-- Information provided follows --

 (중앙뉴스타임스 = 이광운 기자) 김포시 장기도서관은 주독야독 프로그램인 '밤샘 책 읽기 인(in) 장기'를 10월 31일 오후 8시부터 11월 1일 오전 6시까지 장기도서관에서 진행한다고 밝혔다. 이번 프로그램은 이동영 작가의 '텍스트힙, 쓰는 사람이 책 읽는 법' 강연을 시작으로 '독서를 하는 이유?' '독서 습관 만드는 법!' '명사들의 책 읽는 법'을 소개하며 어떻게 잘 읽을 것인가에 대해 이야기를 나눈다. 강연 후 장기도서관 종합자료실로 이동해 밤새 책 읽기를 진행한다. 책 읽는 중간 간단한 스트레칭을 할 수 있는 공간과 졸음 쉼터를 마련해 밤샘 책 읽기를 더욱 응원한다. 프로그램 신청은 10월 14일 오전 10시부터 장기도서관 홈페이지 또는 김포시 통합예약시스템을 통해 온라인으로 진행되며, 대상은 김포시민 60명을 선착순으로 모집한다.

-- Information provided concluded --
-- Information provided follows --

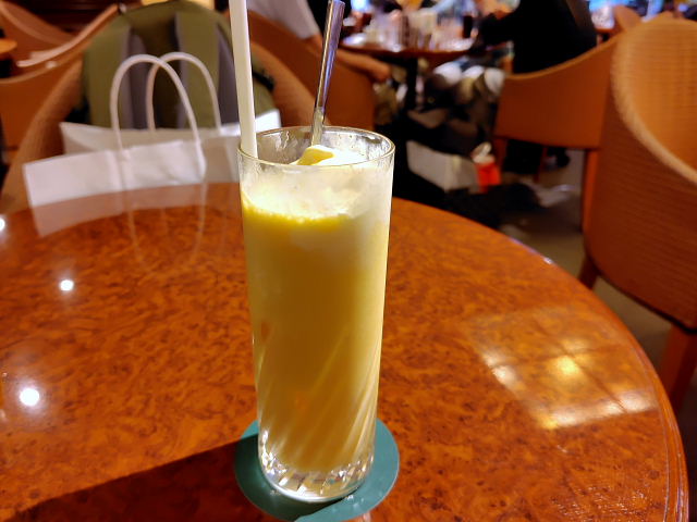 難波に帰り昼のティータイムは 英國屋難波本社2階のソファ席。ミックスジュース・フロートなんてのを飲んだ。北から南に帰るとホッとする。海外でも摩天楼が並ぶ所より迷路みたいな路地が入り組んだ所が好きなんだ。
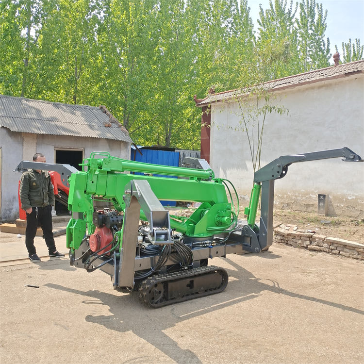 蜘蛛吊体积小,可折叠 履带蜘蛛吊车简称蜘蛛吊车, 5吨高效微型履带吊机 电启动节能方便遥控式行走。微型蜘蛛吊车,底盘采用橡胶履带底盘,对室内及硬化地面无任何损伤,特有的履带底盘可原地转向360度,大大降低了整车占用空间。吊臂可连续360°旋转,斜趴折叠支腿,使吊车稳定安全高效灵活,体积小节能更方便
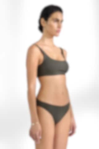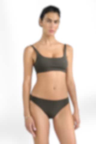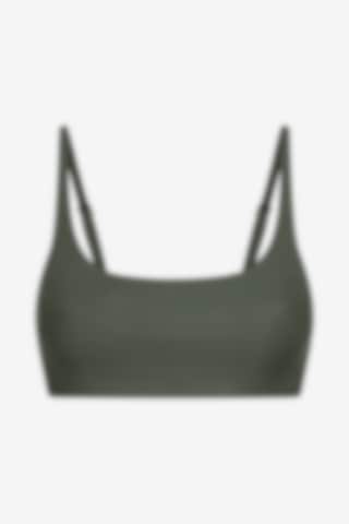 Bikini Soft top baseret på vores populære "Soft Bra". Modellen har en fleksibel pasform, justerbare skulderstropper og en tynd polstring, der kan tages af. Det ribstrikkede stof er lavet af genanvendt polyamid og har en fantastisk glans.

-- Information provided concluded --
-- Information provided follows --

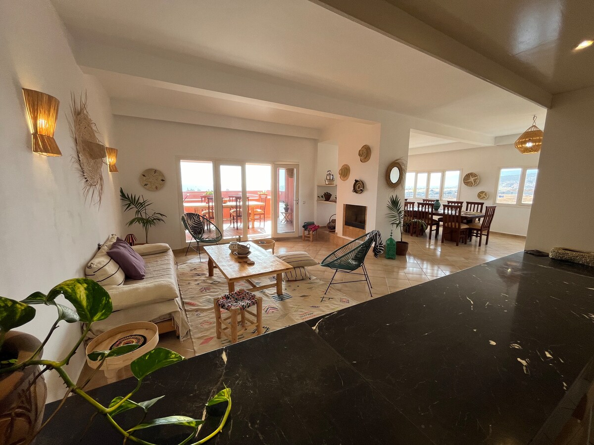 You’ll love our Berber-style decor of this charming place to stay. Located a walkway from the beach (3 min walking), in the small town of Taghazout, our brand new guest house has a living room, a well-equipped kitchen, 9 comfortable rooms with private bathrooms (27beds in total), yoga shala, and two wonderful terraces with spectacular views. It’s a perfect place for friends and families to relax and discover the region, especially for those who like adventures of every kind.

-- Information provided concluded --

* Exercise instructions:
In the records above, find the line with "難波に帰り昼のティータイムは" and the line with "Bikini Soft top", then restate word for word only those two lines and all lines between, omitting pictures.

* Solution for this exercise:
 難波に帰り昼のティータイムは 英國屋難波本社2階のソファ席。ミックスジュース・フロートなんてのを飲んだ。北から南に帰るとホッとする。海外でも摩天楼が並ぶ所より迷路みたいな路地が入り組んだ所が好きなんだ。
 蜘蛛吊体积小,可折叠 履带蜘蛛吊车简称蜘蛛吊车, 5吨高效微型履带吊机 电启动节能方便遥控式行走。微型蜘蛛吊车,底盘采用橡胶履带底盘,对室内及硬化地面无任何损伤,特有的履带底盘可原地转向360度,大大降低了整车占用空间。吊臂可连续360°旋转,斜趴折叠支腿,使吊车稳定安全高效灵活,体积小节能更方便
 Bikini Soft top baseret på vores populære "Soft Bra". Modellen har en fleksibel pasform, justerbare skulderstropper og en tynd polstring, der kan tages af. Det ribstrikkede stof er lavet af genanvendt polyamid og har en fantastisk glans.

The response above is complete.